Um dos mais fortes motivos que explicam a longa e elevadíssima liquidez de uma Singular é, sem dúvida, seu DNA de fundação e seu histórico de anos a fio focando em aplicadores. Esse, em tese, é também o perfil do quadro diretivo da instituição desde sua fundação. Algo historicamente até compreensivo, haja vista que anteriormente a LC 130 de 2009 o Capital Social “poderia” ser o único item das Sobras, o que fazia com que os sócios investidores vissem nas Singulares o maná dos Deuses quanto à rentabilidade para seus “investimentos”. E, após 2009, essas instituições mantêm esforços para que estes investidores não retirem essas suas posições investidas, e apliquem novos montantes, sem, contudo conseguir dar vazão destes recursos através do crédito de varejo.

Sugerimos outros oitos motivos para que uma Singular tenha excesso de liquidez:

  1. A adoção de uma política restritiva de crédito de varejo massificada;
  2. A não existência, em sua base, de sócios tomadores de crédito de varejo em volume necessário para demandarem este crescente excesso de liquidez;
  3. Liquidação de grandes créditos sem a devida recolocação destes recursos;
  4. A manutenção de ganhos expressivos nas aplicações, aos quais usualmente somam-se os bônus generosos na distribuição nas Sobras pelas aplicações;
  5. Formas constantes e mensais de aportes de Capital Social;
  6. Repasse de recursos públicos ou de bancos cooperativistas para fomentar o Capital Social;
  7. Crescentes sobras, acarretando crescentes aportes em Reservas, “fundos de expansão”, Fates;
  8. Incentivo ao Depósito a Vista pelo prêmio generoso pago nas AGO … .

A verdade parcial: muitos executivos que ora nos leem, veem suas Singulares já emprestando há anos o máximo permitido pelo seu PR (Patrimônio de Referência), e acham muito confortável a posição dos executivos que têm de gerenciar uma Singular com exagerado excesso de liquidez. Alerto que esse discreto sentimento de “inveja” não deveria existir, pois nesse outro cenário é enorme o estresse para viabilizar o fluxo de receitas e despesas financeiras, os quais são problemas distintos das Singulares com pouca liquidez. Mesmo que sua Singular tenha pouca ou nenhuma liquidez disponível para alocar no crédito, este artigo contém uma enorme importância para sua instituição, haja vista que por parâmetros legais e prudenciais, ela retém um percentual próximo de 30% de sua liquidez em aplicações junto a sua “Central”.

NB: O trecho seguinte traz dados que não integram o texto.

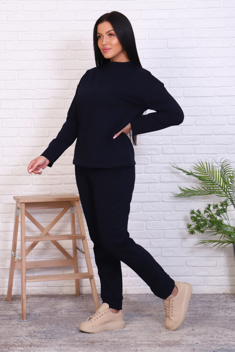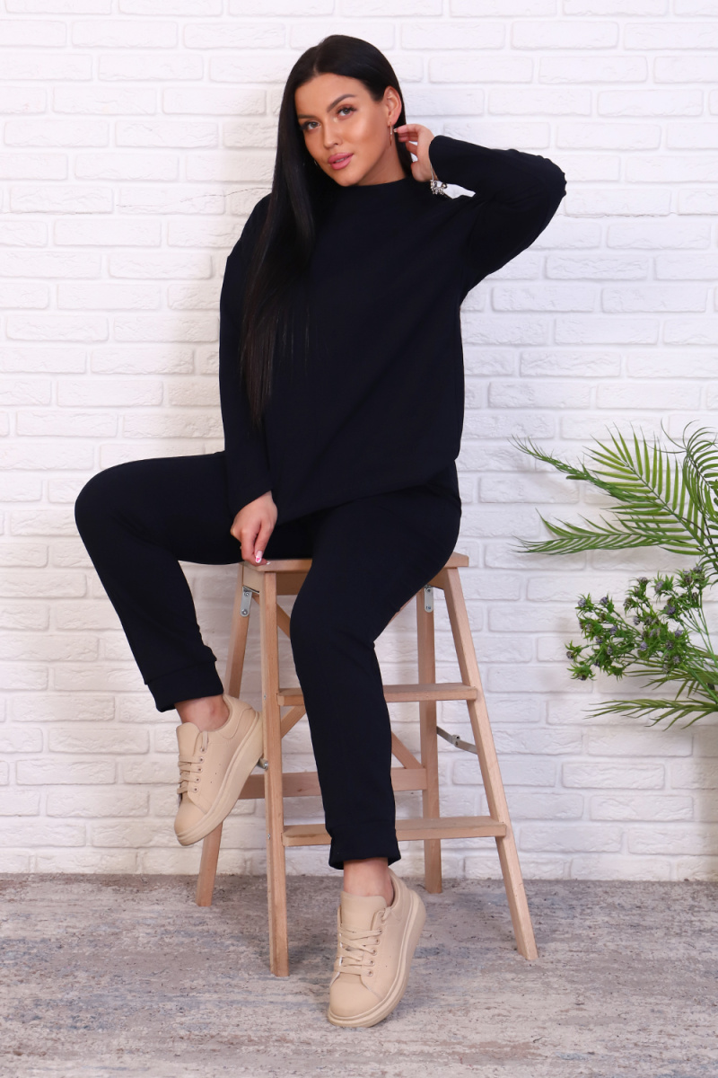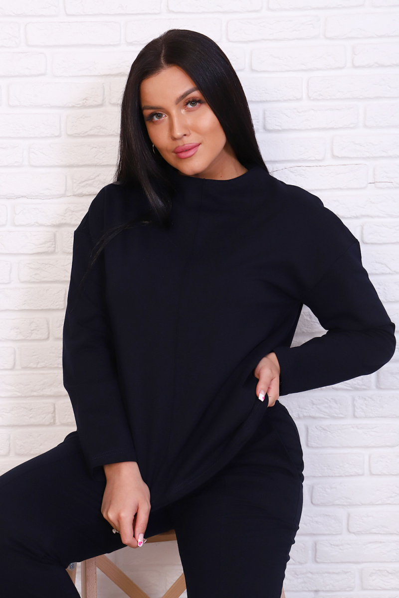 Стильный базовый костюм из хлопкового трикотажа отличного качества. Брюки прямого кроя, зауженные к низу, высокая посадка с простроченными стрелками, низ без резинки(не режет ногу), карманы в швах. Трикотажный джемпер длиной до середины бедра. По центру переда декоративный вертикальный защип вытягивает и стройнит. Горловина джемпера с цельнокроеной стойкой, обработана притачной обтачкой. Рукава джемпера длинный двухшовный, рубашечного кроя, линия плеча спущена. Полные размеры

A solução tradicional para o exagerado excesso de liquidez: Por sua forma de gestão e histórico as Singulares com exagerado excesso de liquidez tendem naturalmente a atrair mais investimentos e novos investidores. Assim, nutrem uma cultura conservadora de risco que expurga qualquer risco mediano de crédito de varejo massificado, ou o fazem com um processo de garantia muito acima do praticado pelo mercado. Assim sendo, para dar vazão a sua crescente e exagerada liquidez, passam cada vez mais a concentrar seus empréstimos em valores generosos, prazos longos e com garantias reais hiper líquidas, como se quem fosse pagar a dívida fosse a garantia e não o devedor. Contudo, esta prática se demonstra comercialmente frágil, pois é rapidamente finita, e portanto, não é suficiente para desovar sua enorme e crescente liquidez.

Diante desse cenário, as Singulares com exagerado excesso de liquidez passam a procurar “novas” e “criativas” formas de aplicar seus excedentes financeiros no mercado. Normalmente buscam soluções “supostamente” ditas seguras e rentáveis, pois o eventual teto de 100% do DI não lhes é mais rentável em função do pouco resultado frente às taxas elevadas pagas na captação, as quais se aproximam do ganho em uma tradicional centralização financeira através de sua Central/Banco.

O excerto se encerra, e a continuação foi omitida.